Christmas is a time for family, for food, for reminiscing, for nostalgia, for gifts, and for generosity. It is? We run around trying to see our families, but why now? Why do we do this around December 25th? I buy people stuff [they probably don't need and might not even want], but why couldn't I do that in July? I don't bake cookies, but I did last week. I try to wear red & green (colors I don't usually wear together), and we drag trees from outdoors into our homes and make them colorful and flashy...why?
Does any of it point to Christmas? Tradition, yes. Ritual, certainly. But Christmas? In our seven celebrations, Jesus was scarcely mentioned. Sure, we prayed in His name, as we were taught to do. But I'm talking about JESUS. The ONE who lived in Heaven, but decided to take on the flesh of man, enter the world as a helpless baby, humbling Himself from His perfect surroundings, from the Glory beyond our universe, to live in this--our earth, filled with defiance and mockery wrought by Sin. GOD left Glory to come here??--only to become the one sacrifice able to satisfy God's sovereign justice and demonstrate His perfect love for ME?? And that is Christmas.

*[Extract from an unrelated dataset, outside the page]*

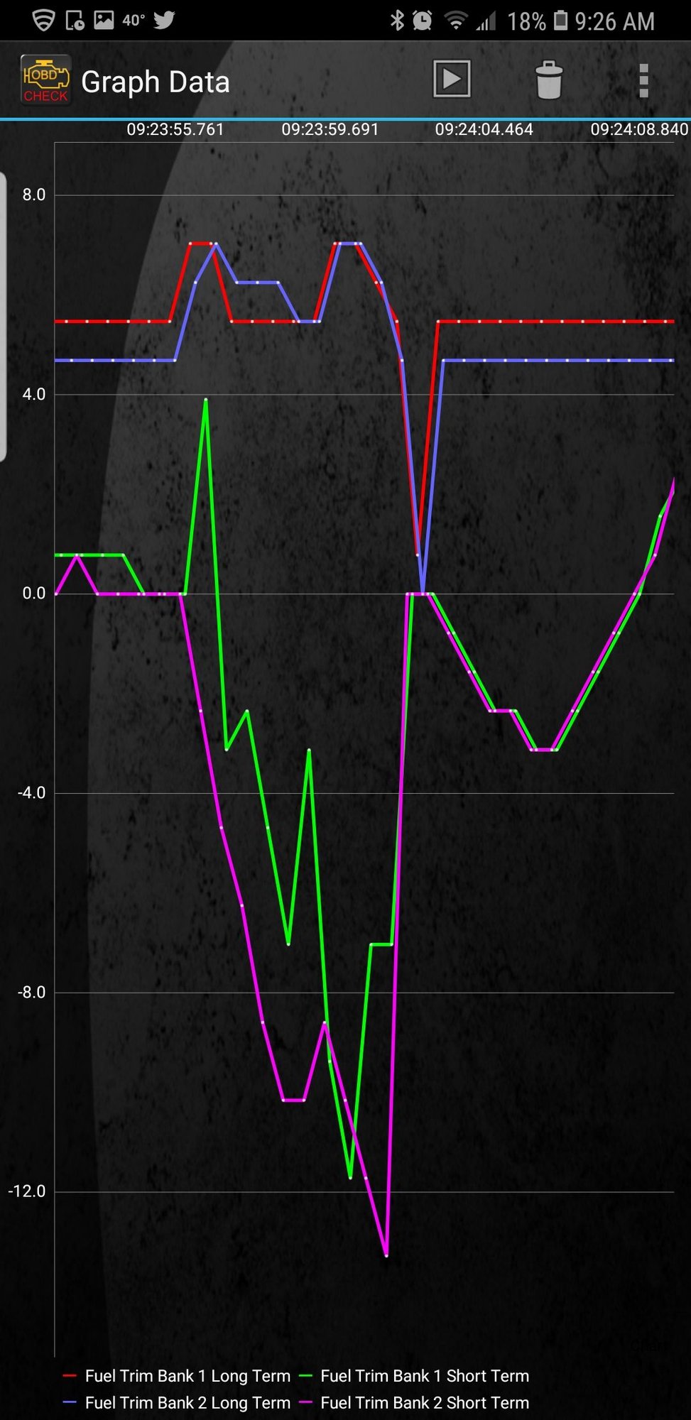 I have never looked at fuel trims as a time graph. I look at fuel trims as tabular data, and there there may be some smoothing. You take the short term and long term fuel trims and add them together. a negative number means the system is subtracting fuel via shorter injector pulses to correct for a rich condition as determined by the O2 sensors. Totals over 10 need to be addressed. Totals over 25 set a code. I may be overreacting now that I see the time scale at the top measured in seconds. If you can get simple tabular data for all 4 numbers that would help. Also, long tern trims should not be changing that fast unless I just cant see the color codes and the fast moving lines are both short term numbers. Either way, I dont find these graphs very useful. attached is a screen shot of what you want

I know these are not the warm and fuzzy thoughts that mark our Holiday season. I know we like to pretend it's about others--whether it's finding the perfect gift or volunteering or donating cash, people do become especially generous this time of year. Is it because that's what we've always done? Or does the "generosity" that comes with this season grow each year, ever in the effort to draw the focus away from Him. It's uncomfortable to think about what Jesus did, especially when we consider that we'll have to choose what to do with Him once we acknowledge His deed.
I sit here writing, as guilty as the next, having once again fallen for the tale that this season is about family (the highlight for us this year was seeing Jarrad's little brother). It isn't about family. It isn't about giving. It is nether about being thankful, courteous, compassionate, nor humble. As wonderful and desirable as those traits are in December, they are year-round. But on December 25th, I ought celebrate the coming of the One who makes those qualities possible in me, in spite of myself. I ought celebrate Christ Jesus.